▶ _TASK ITEM_
Your output should be the lines below from the one holding "When Martha entered" through the one holding "Info Untukmu Resep Kue Brownies Kukus", transcribed exactly, with no pictures.

▶ _DATA LISTING_
══════
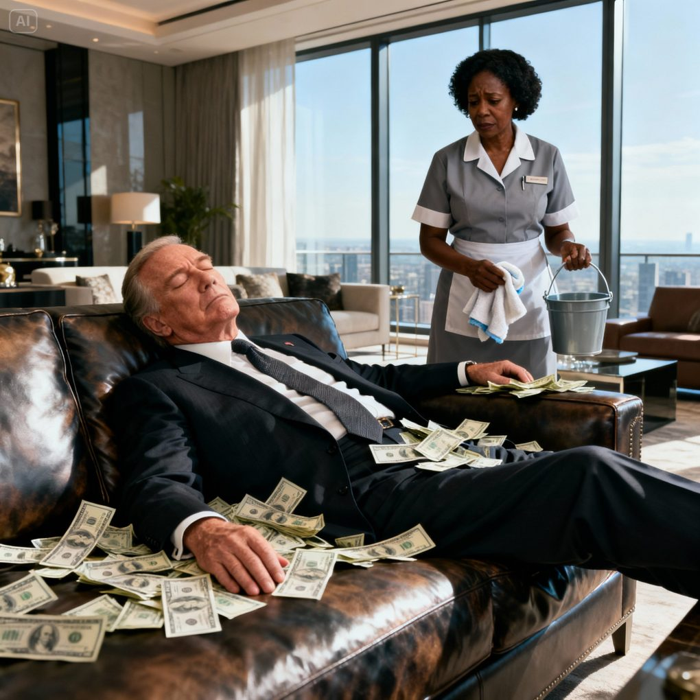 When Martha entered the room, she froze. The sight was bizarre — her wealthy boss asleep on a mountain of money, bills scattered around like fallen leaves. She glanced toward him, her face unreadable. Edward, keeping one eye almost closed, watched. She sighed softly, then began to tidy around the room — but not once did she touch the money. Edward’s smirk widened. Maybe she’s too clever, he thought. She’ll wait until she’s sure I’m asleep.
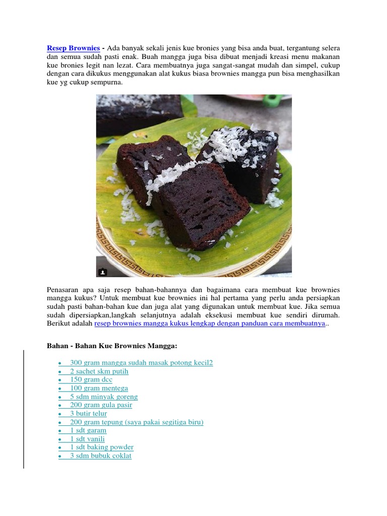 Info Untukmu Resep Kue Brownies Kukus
══════
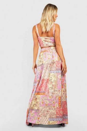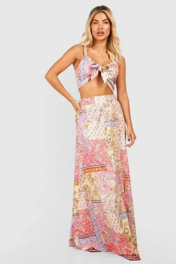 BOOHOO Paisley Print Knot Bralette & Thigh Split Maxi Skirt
══════
▶ _EXPECTED ANSWER_
 When Martha entered the room, she froze. The sight was bizarre — her wealthy boss asleep on a mountain of money, bills scattered around like fallen leaves. She glanced toward him, her face unreadable. Edward, keeping one eye almost closed, watched. She sighed softly, then began to tidy around the room — but not once did she touch the money. Edward’s smirk widened. Maybe she’s too clever, he thought. She’ll wait until she’s sure I’m asleep.
 Info Untukmu Resep Kue Brownies Kukus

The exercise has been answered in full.